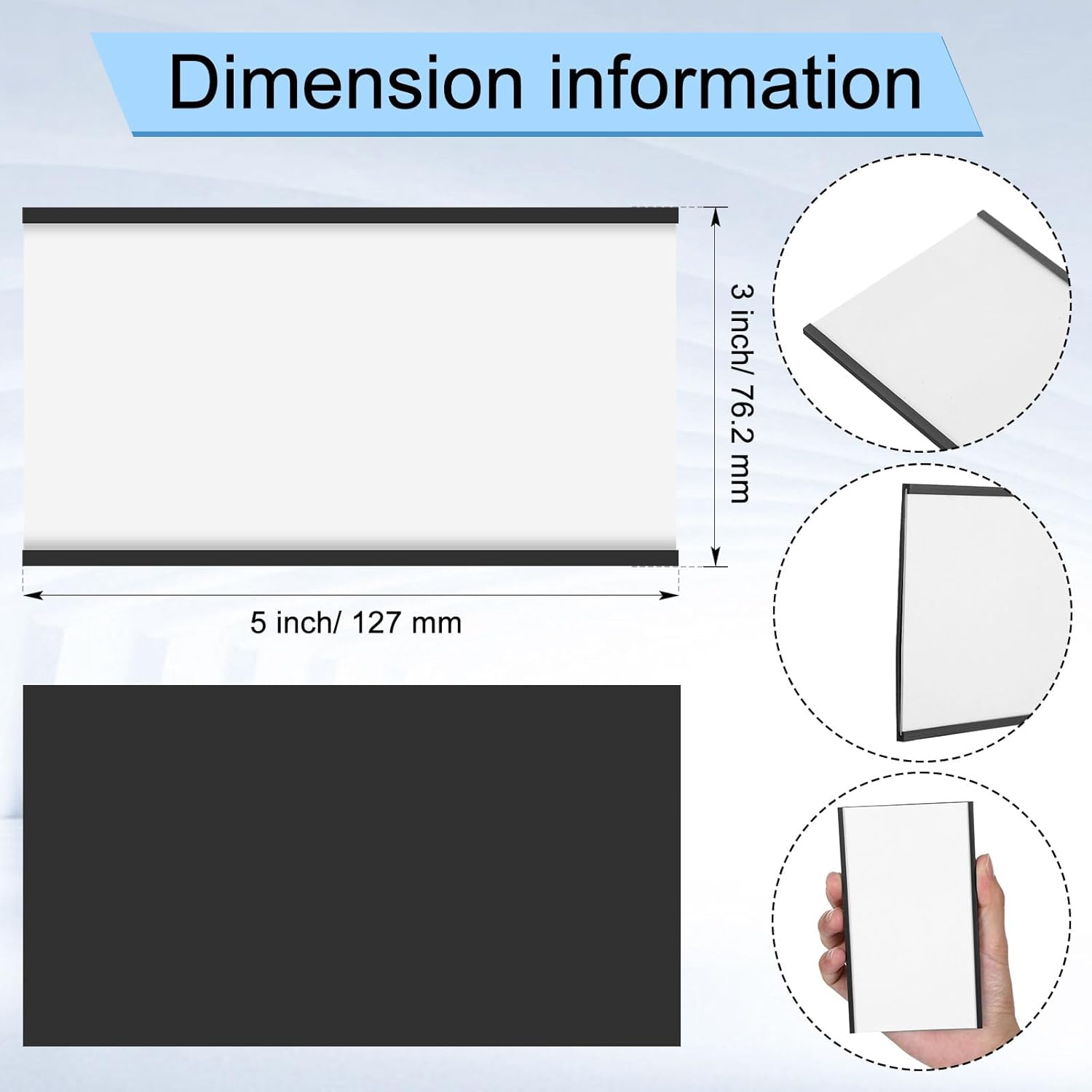 - Ideal Dimension: with a size of 3 x 5 inch, these magnetic shelf label holders are adequate to hold essential data for easy identification; They are practical for warehouse shelves, retail, libraries, or office settings; These holders leave no scope for ambiguity, improving your organizing prowess
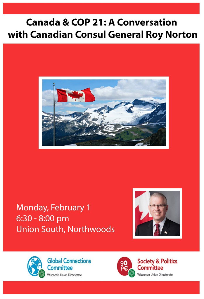 Following recent climate talks, students are eager to participate in conversation about the subject. A student organized event, we invite you to join the Global Connections Committee and Society and Politics Committee with Canadian Consul General Roy Norton in a conversation about COP 21.
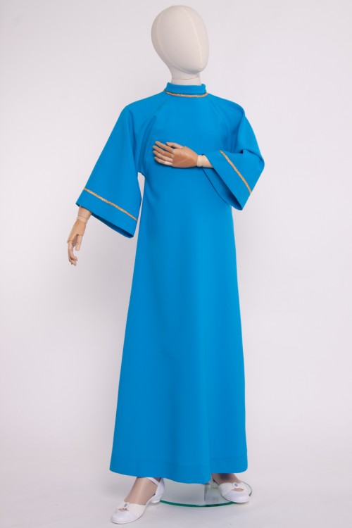 Eine schöne cyanblau Albe für Chöre. Die vorgestellte Albe hat einen Stehkragen in Form eines Golfkragens und weite 5/6 Ärmeln, die mit einem goldband. Das Kleidungsstück wird mit einem Reißverschluss.
====
Assigned task = The copy must reproduce the listing above verbatim and contain no pictures.

Answer section =
 - Ideal Dimension: with a size of 3 x 5 inch, these magnetic shelf label holders are adequate to hold essential data for easy identification; They are practical for warehouse shelves, retail, libraries, or office settings; These holders leave no scope for ambiguity, improving your organizing prowess
 Following recent climate talks, students are eager to participate in conversation about the subject. A student organized event, we invite you to join the Global Connections Committee and Society and Politics Committee with Canadian Consul General Roy Norton in a conversation about COP 21.
 Eine schöne cyanblau Albe für Chöre. Die vorgestellte Albe hat einen Stehkragen in Form eines Golfkragens und weite 5/6 Ärmeln, die mit einem goldband. Das Kleidungsstück wird mit einem Reißverschluss.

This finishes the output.